Assignment
Beginning at the line that contains "Осенняя ретро сексуальная", reproduce the entries below exactly, ending with the line that contains "Индет, до 2,0". Omit each picture.

Supplied records
"""

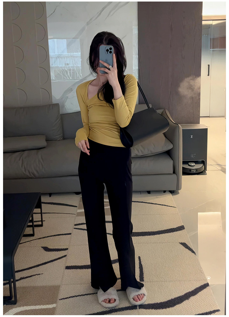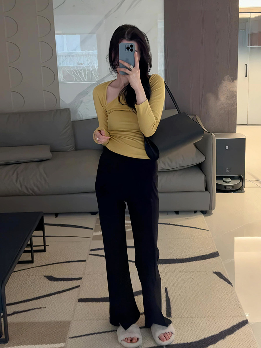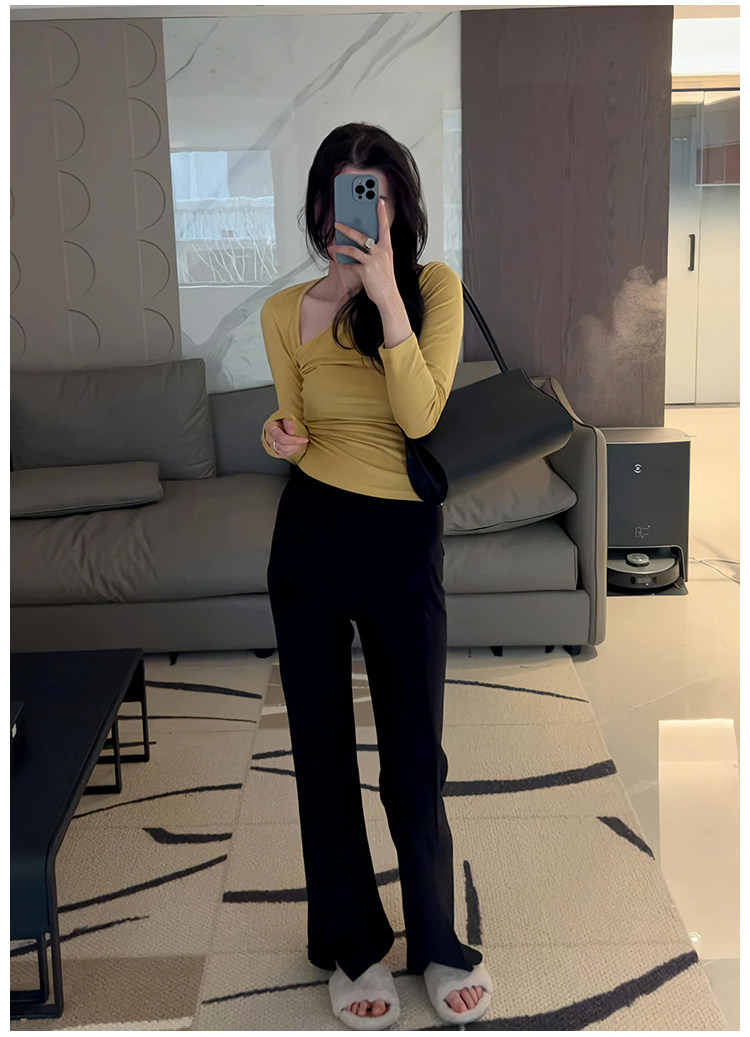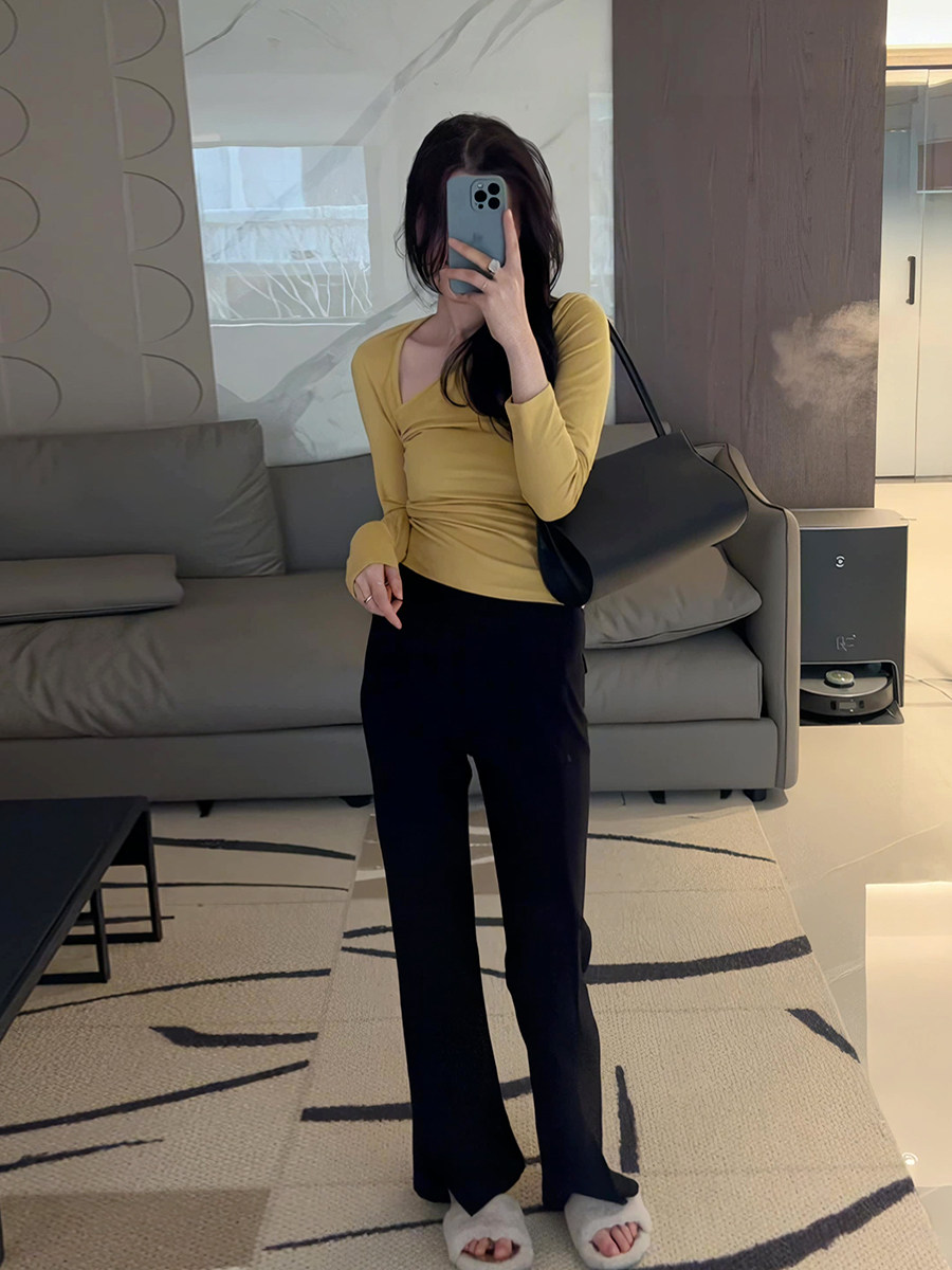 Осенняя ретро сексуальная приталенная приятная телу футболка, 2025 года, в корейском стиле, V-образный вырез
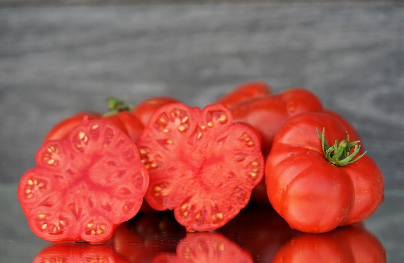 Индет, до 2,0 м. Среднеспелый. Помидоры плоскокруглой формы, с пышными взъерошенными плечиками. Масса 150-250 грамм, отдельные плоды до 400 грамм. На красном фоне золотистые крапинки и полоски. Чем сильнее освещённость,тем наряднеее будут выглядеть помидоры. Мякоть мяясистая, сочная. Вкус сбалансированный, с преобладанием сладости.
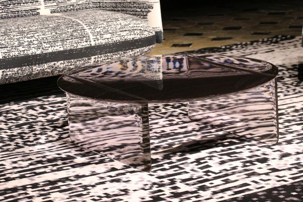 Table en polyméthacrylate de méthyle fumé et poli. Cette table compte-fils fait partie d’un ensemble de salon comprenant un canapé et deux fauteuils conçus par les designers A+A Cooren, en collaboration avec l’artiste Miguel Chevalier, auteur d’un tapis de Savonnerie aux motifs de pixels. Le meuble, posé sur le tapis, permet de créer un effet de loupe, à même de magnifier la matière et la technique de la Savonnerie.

"""
"""

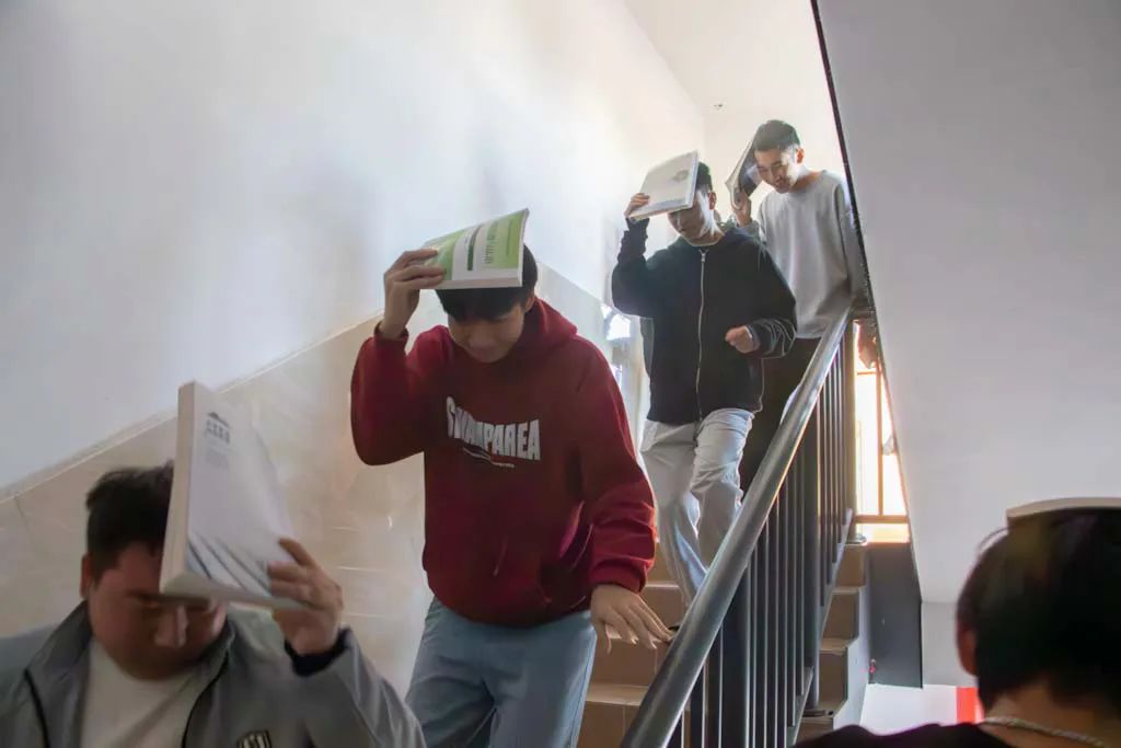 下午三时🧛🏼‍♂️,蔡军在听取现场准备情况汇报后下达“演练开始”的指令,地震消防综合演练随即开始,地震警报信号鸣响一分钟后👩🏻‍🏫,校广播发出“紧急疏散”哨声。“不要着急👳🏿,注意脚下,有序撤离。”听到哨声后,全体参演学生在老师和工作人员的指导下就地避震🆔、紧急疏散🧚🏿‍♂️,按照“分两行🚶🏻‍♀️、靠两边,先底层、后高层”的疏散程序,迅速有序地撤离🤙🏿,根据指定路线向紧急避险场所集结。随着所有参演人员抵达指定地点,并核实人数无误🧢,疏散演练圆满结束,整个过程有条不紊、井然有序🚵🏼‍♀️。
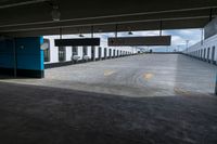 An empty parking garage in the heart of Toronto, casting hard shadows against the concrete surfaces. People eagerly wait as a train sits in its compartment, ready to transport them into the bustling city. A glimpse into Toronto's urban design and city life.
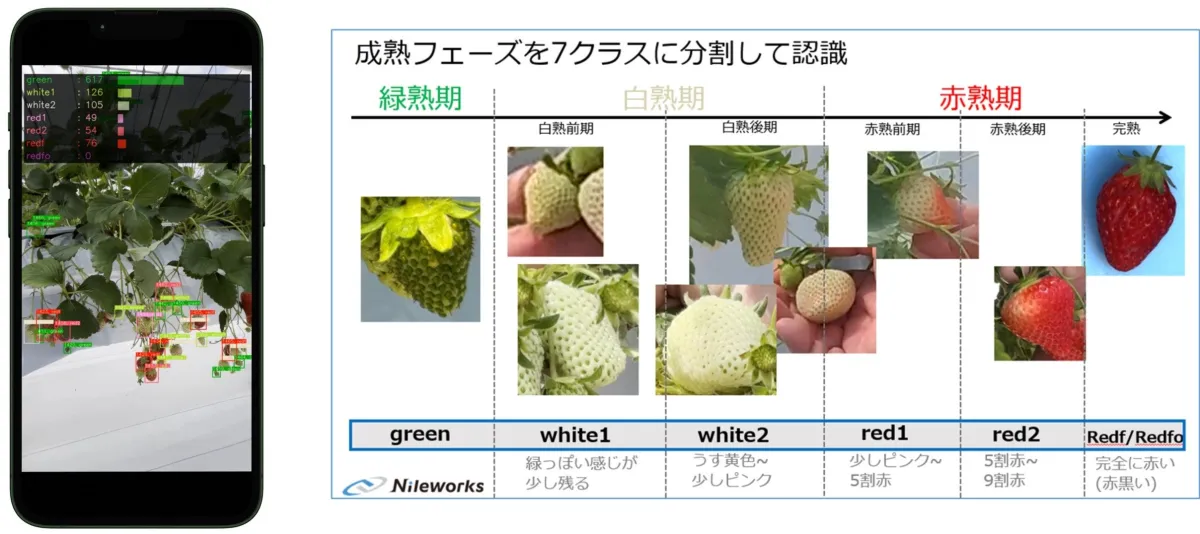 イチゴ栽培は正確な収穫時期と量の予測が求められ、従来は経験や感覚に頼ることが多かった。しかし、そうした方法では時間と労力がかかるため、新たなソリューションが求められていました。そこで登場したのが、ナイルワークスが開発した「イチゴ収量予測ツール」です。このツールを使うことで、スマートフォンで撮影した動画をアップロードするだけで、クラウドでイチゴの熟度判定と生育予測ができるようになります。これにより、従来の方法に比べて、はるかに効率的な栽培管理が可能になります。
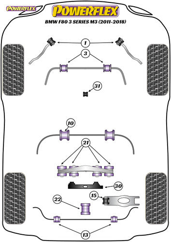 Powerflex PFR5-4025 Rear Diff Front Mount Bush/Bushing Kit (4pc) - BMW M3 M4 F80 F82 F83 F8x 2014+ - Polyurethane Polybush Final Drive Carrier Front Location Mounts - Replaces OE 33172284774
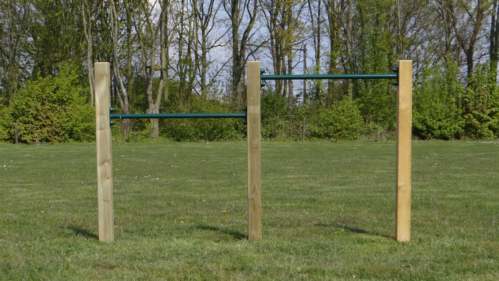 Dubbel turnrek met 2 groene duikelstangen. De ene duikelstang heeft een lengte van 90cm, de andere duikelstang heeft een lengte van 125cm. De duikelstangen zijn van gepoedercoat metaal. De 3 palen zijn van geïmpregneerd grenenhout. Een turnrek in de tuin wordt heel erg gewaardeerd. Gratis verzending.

"""

Result of this task
 Осенняя ретро сексуальная приталенная приятная телу футболка, 2025 года, в корейском стиле, V-образный вырез
 Индет, до 2,0 м. Среднеспелый. Помидоры плоскокруглой формы, с пышными взъерошенными плечиками. Масса 150-250 грамм, отдельные плоды до 400 грамм. На красном фоне золотистые крапинки и полоски. Чем сильнее освещённость,тем наряднеее будут выглядеть помидоры. Мякоть мяясистая, сочная. Вкус сбалансированный, с преобладанием сладости.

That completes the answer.